___ Exercise data
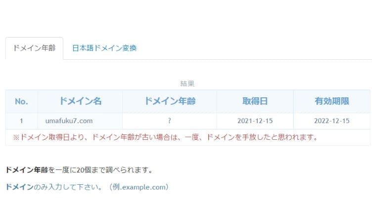 競馬予想サイト「馬福神」のドメイン「umafuku7.com」のドメインを調べると、2021年12月15日に取得されたドメインとなっています。
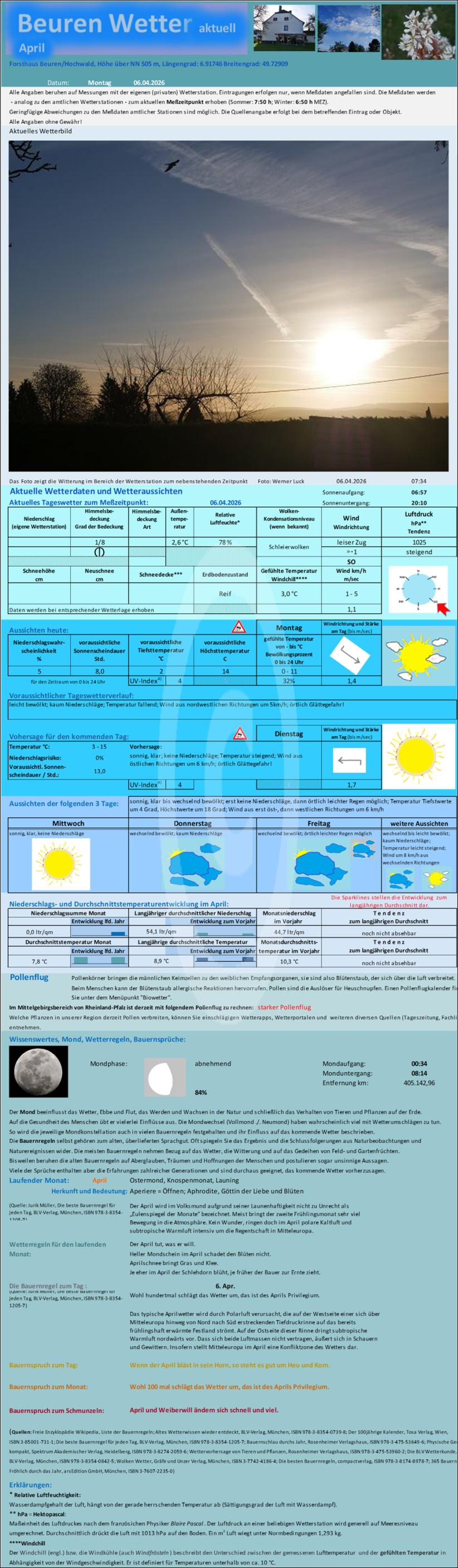 In der folgenden Bilddatei "Beuren_Wetter" sind die aktuellen Tageswetterdaten der Wetterstation Forsthaus Beuren aufgeführt. Neben den aktuellen Wetterdaten wird eine Wettervorhersage für 6 Tage vorgenommen, weiterhin finden Sie die aktuellen Monddaten, die Zeiten von Sonnenauf- und -untergang sowie Wissenswertes wie Wetterregeln, Bauernsprüche u.a.
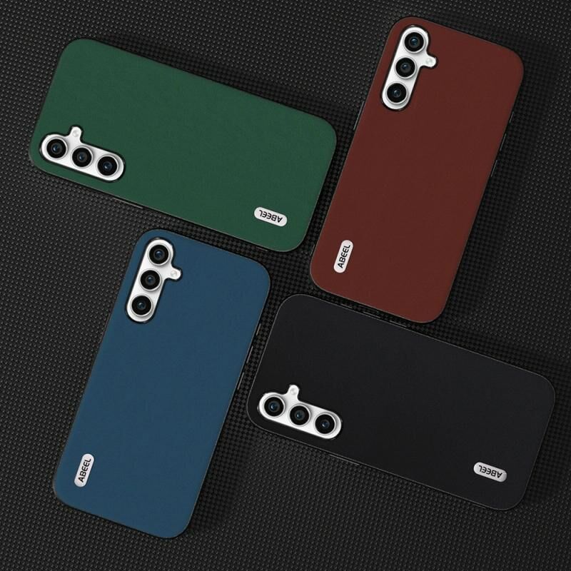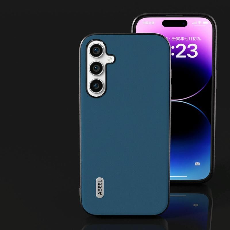 For Samsung Galaxy A34 5G ABEEL Genuine Leather Silky Soft Black Edge Phone Case(Blue)
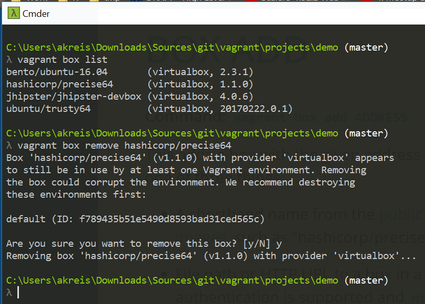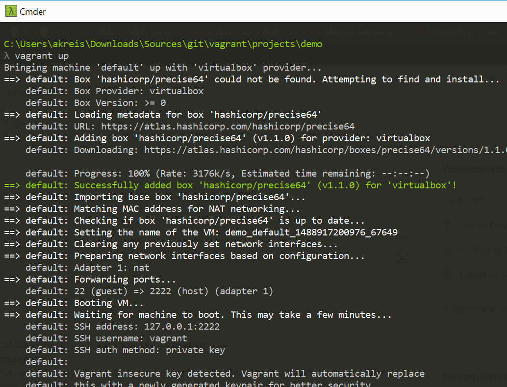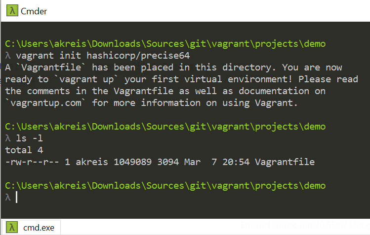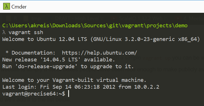 // Initialize folder for Vagrant, i.e. generate ‘Vagrantfile’ vagrant init hashicorp/precise64
______
## What the task asks
Without including any picture, copy the listing above exactly and in full.

## Your response
 競馬予想サイト「馬福神」のドメイン「umafuku7.com」のドメインを調べると、2021年12月15日に取得されたドメインとなっています。
 In der folgenden Bilddatei "Beuren_Wetter" sind die aktuellen Tageswetterdaten der Wetterstation Forsthaus Beuren aufgeführt. Neben den aktuellen Wetterdaten wird eine Wettervorhersage für 6 Tage vorgenommen, weiterhin finden Sie die aktuellen Monddaten, die Zeiten von Sonnenauf- und -untergang sowie Wissenswertes wie Wetterregeln, Bauernsprüche u.a.
 For Samsung Galaxy A34 5G ABEEL Genuine Leather Silky Soft Black Edge Phone Case(Blue)
 // Initialize folder for Vagrant, i.e. generate ‘Vagrantfile’ vagrant init hashicorp/precise64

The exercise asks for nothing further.